### Task description
Your task is to transcribe the lines from the start of the data below through the line containing "Душевая система Esko", inclusive, exactly as they stand and without the pictures.

### Data under study
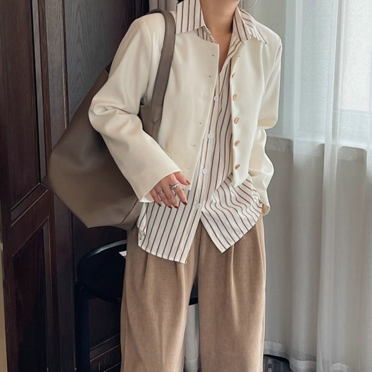 オフィススタイルからカジュアルまで、幅広いシーンで活躍する一着です。
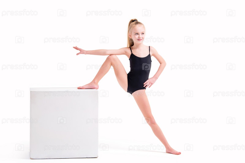 Маленькая гимнастка в черном купальнике, стоящая одной ногой на белом кубе, изолированная на белом фоне
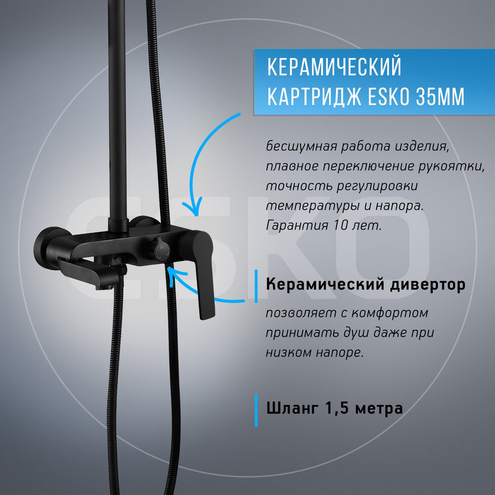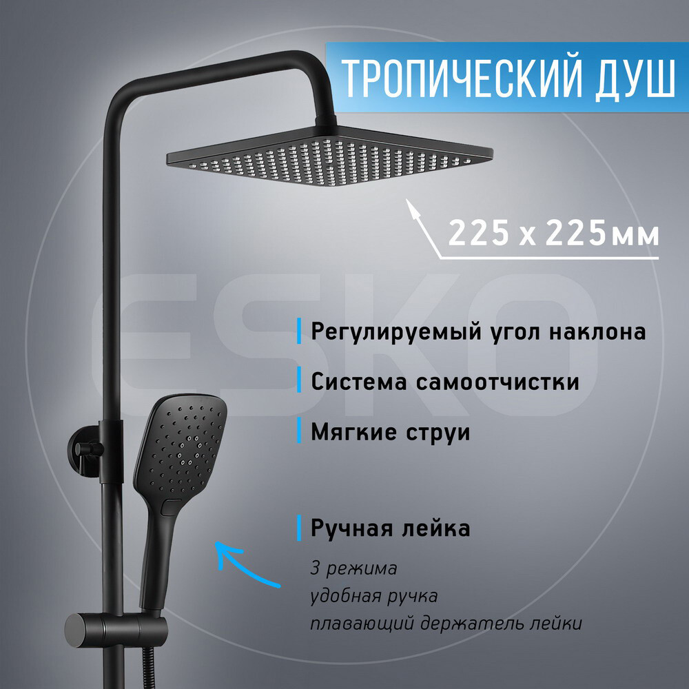 Душевая система Esko Singapore black с верхним душем с лейкой со смесителем черная (ST300BL)
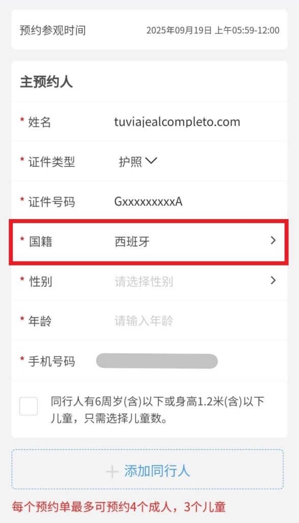 9. Haz clic en el apartado “Nacionalidad” y escribe tu país de nacimiento en chino. Para ello, abre el Traductor de Google, escribe el nombre de tu país (por ejemplo, España), tradúcelo al chino tradicional, copia el resultado y pégalo en el miniprograma de WeChat.
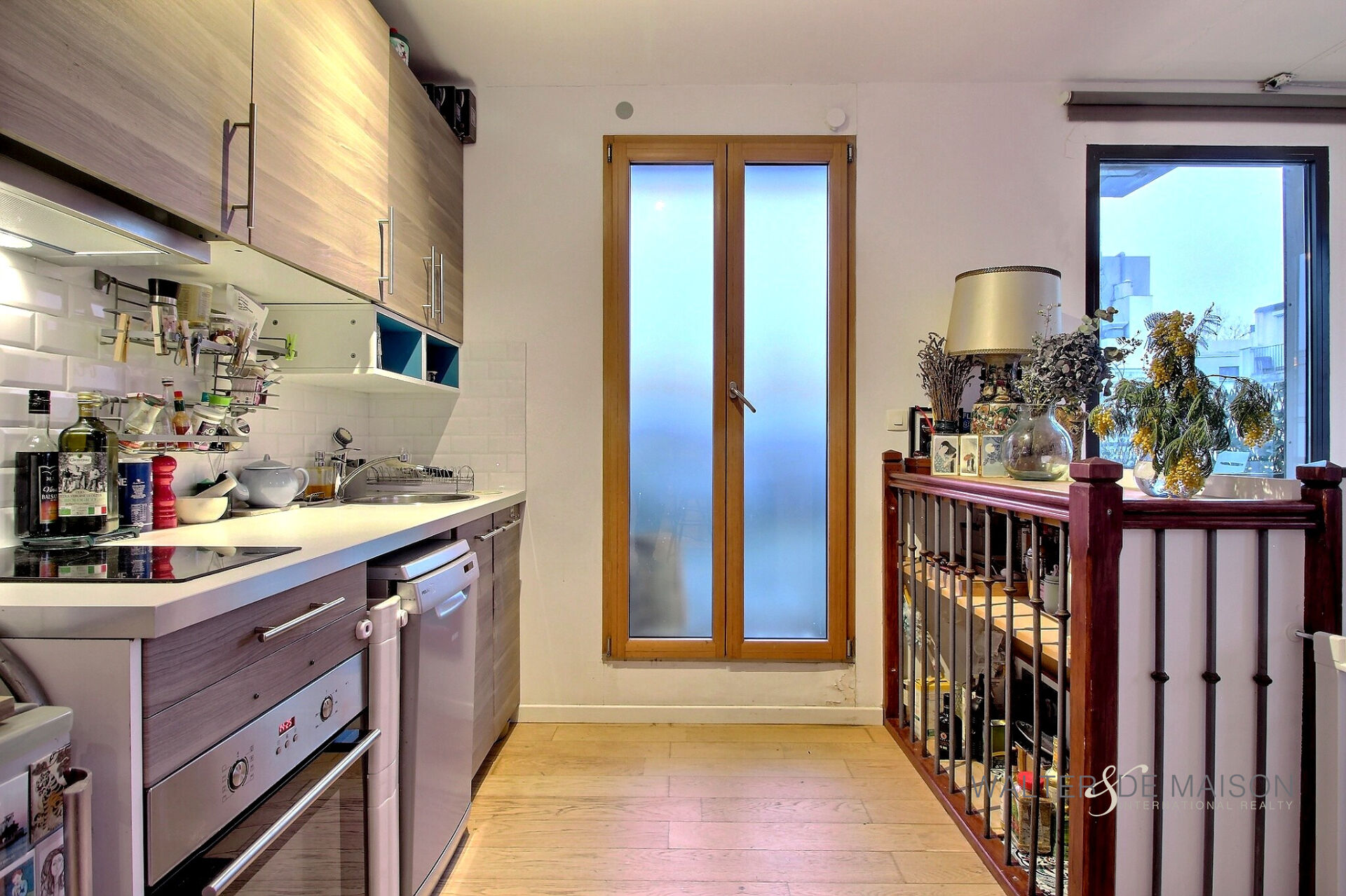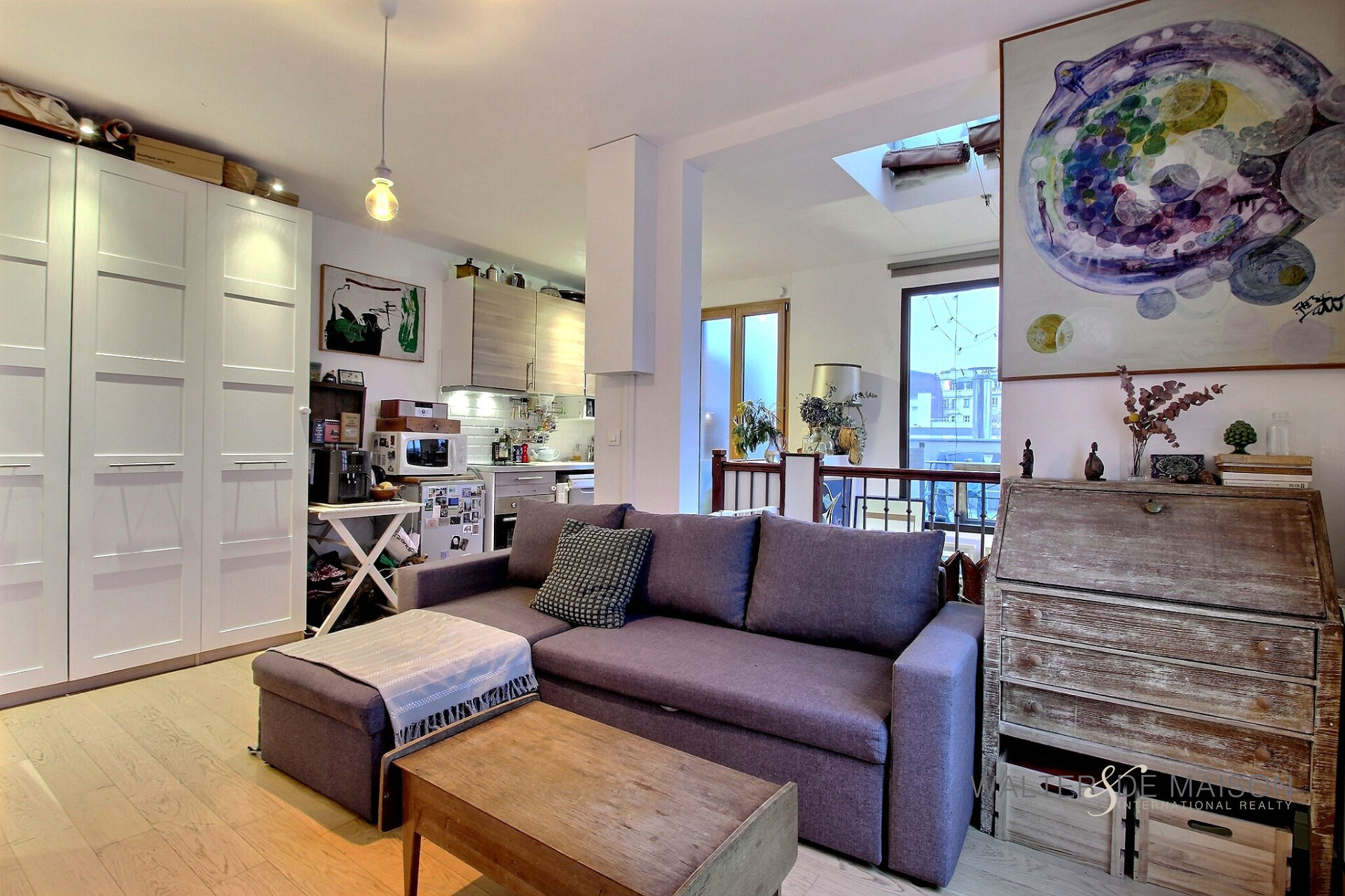 Situé au 5ème et dernier étage d’un petit immeuble ancien sans ascenseur, rehaussé en 2006, l’appartement dont l’accès en duplex, se fait au 4ème étage par un escalier privatif, se compose comme suit :
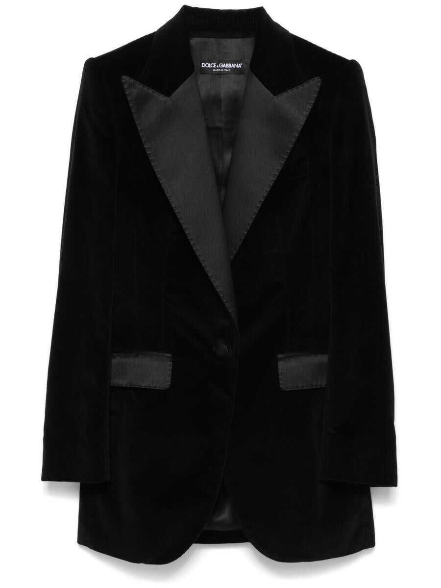Dolce & Gabbana's Turlington blazer in black, made from a blend of cotton, silk and velvet, is a high-class piece. Satin inserts and wide peak lapels add a distinctive touch. With a front closure, shoulder pads, long sleeves with buttoned cuffs and front flap pockets, it is completed with a center back slit and silk lining for exclusive comfort.
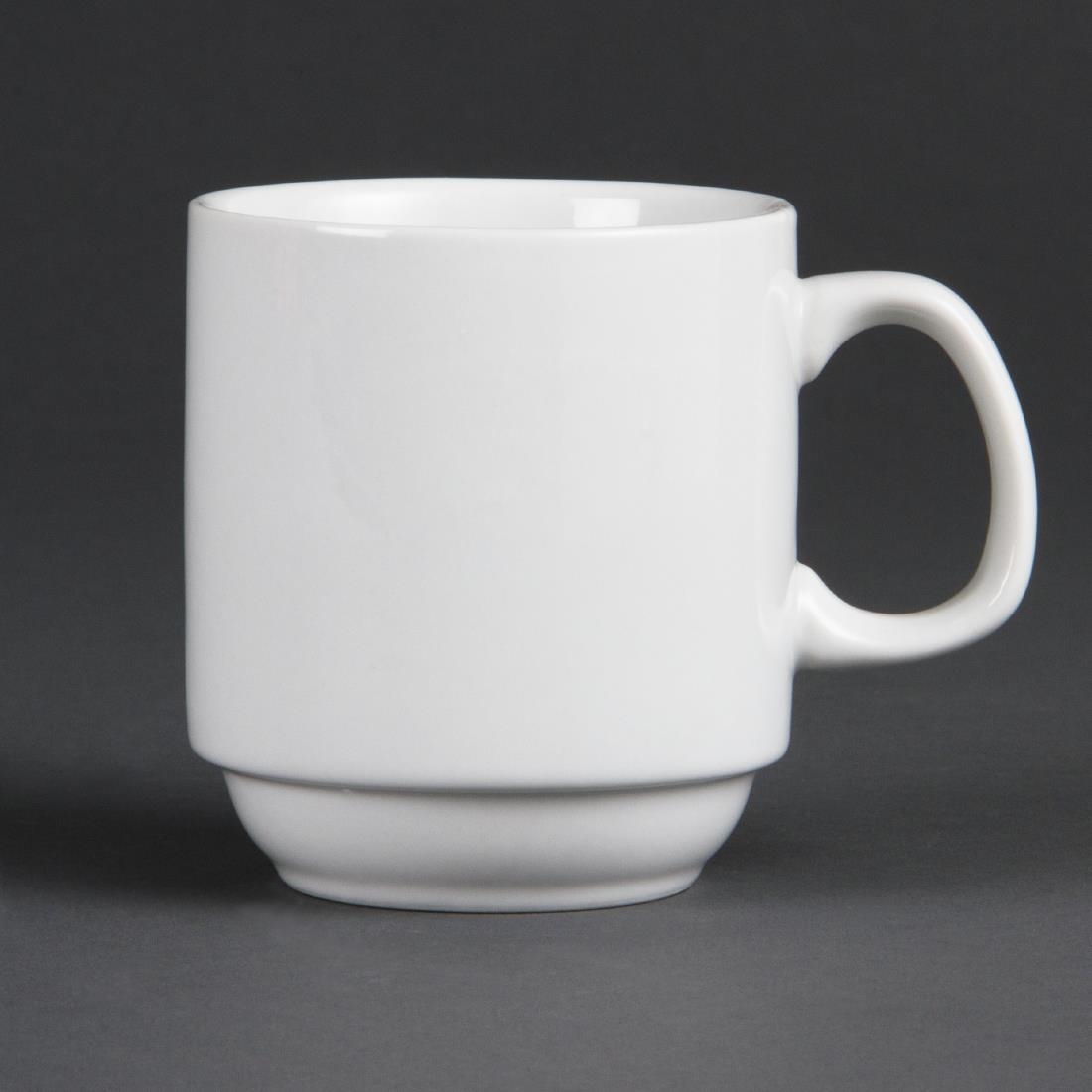 Our great value pure white porcelain stackable mugs by Olympia are fully vitrified for heat and shock resistance. They are the ideal crockery for hotels that desire simplicity.
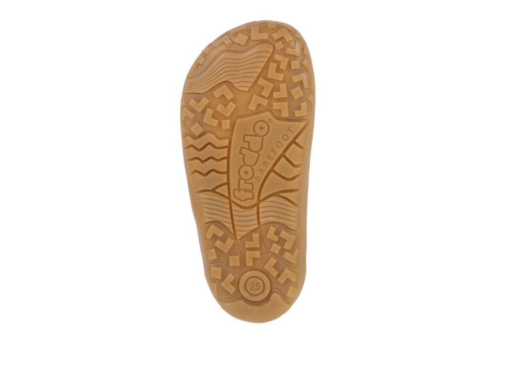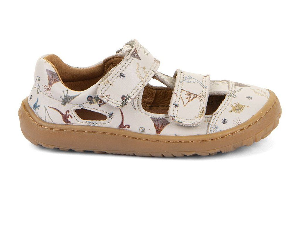 Stylové kožené barefoot sandále Froddo G3150291-16 Beige se zapínáním na suchý zip pro snadné nazouvání. V unisex béžové barvě s motivem dinosaurů. Boty mají flexibilní podrážku z přírodní gumy s jemným vzorkem.
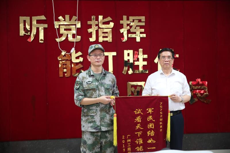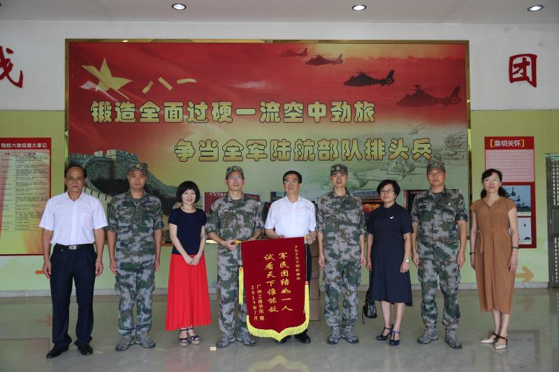 【本网讯】在中国人民解放军第92个建军节即将来临之际,7月30日上午,kaiyun开云官方网站院长邝邦洪教授、副院长易露霞教授、董事办陆志丹主任等一行五人代表学院向75752部队全体官兵送去亲切的问候,并赠送锦旗一面致敬最可爱的人。慰问活动得到了75752部队领导的高度重视,政治工作部刘金华副主任等领导出席,活动由我院三水校区管委会主任何国林主持,活动在情意融融中进行。
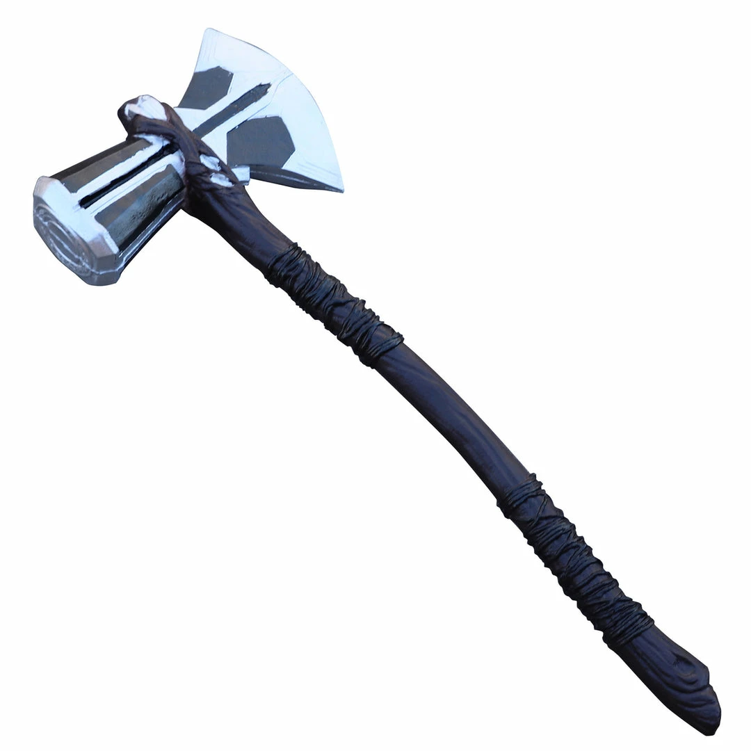 “A king’s weapon. Meant to be the greatest in Asgard. In theory, it could even summon the Bifrost.” These were the words spoken by Eitri of the extraordinary weapon intended for the king of Asgard. Given the name Stormbreaker, this axe hammer is forged by Eitri from ingots of Uru and the arm of Groot. This powerful weapon increases Thor’s lightning power exponentially, and can summon the Bifrost bridge. Hold the power of Thor in your own hands with this foam replica battle axe. The axe is made from durable polyurethane foam and has a 10mm core for strength. Hand painted details make this axe the perfect accessory to your Avenger’s cosplay. Overall Length: 28.25 inches, Blade Length: 7.5 inches, Handle Length: 24 inches
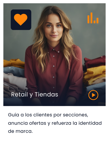 Guía el recorrido del cliente por la tienda, comunica ofertas en el momento adecuado y refuerza la identidad de marca en cada punto.
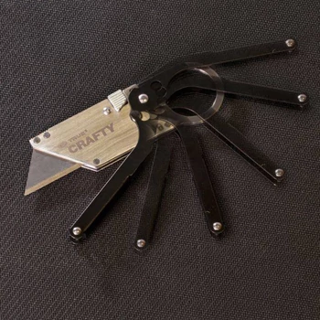 A Crafty egy összecsukható kés, amelyben a kés karabinerrel rögzíthető. Kompakt, összecsukható és egyszerűen felcsatolható ruhára, hátizsákra. A kiengedő gomb segítségével tudjuk biztosítani az élvédelmet. A pengéje könnyen cserélhető, s tartozékként 2 db pótpenge is jár hozzá. A fekete titánium bevonatú markolathoz 420-as minőségű rozsdamentes acél fej tartja a pengét. Vásároljon minőségi és megbízható termékeket webáruházunkból! |
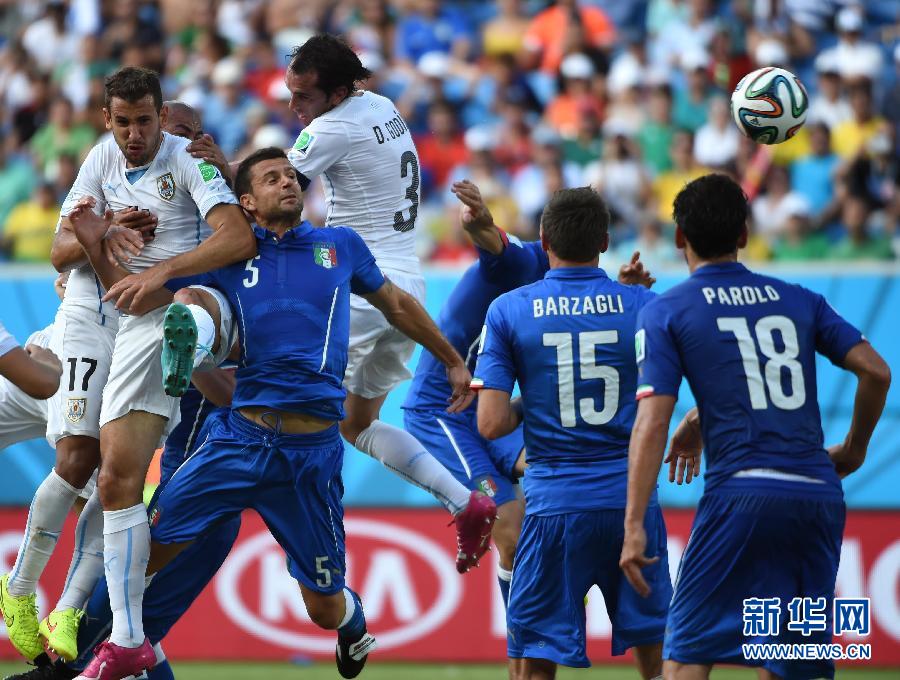 央廣網河南分網消息 據新華網報道:烏拉圭1-0小勝意大利淘汰對手。比賽下半場風云迭起,先是意大利首戰功臣馬爾基西奧不明顯的犯規被裁判紅牌驅逐,之后烏拉圭神鋒蘇亞雷斯嘴咬基耶利尼,81分鐘烏拉圭隊長戈丁頂入制勝球。這樣,烏拉圭三戰兩勝一負小組第2出線,意大利三戰一勝兩負出局。

### Response below
 オフィススタイルからカジュアルまで、幅広いシーンで活躍する一着です。
 Маленькая гимнастка в черном купальнике, стоящая одной ногой на белом кубе, изолированная на белом фоне
 Душевая система Esko Singapore black с верхним душем с лейкой со смесителем черная (ST300BL)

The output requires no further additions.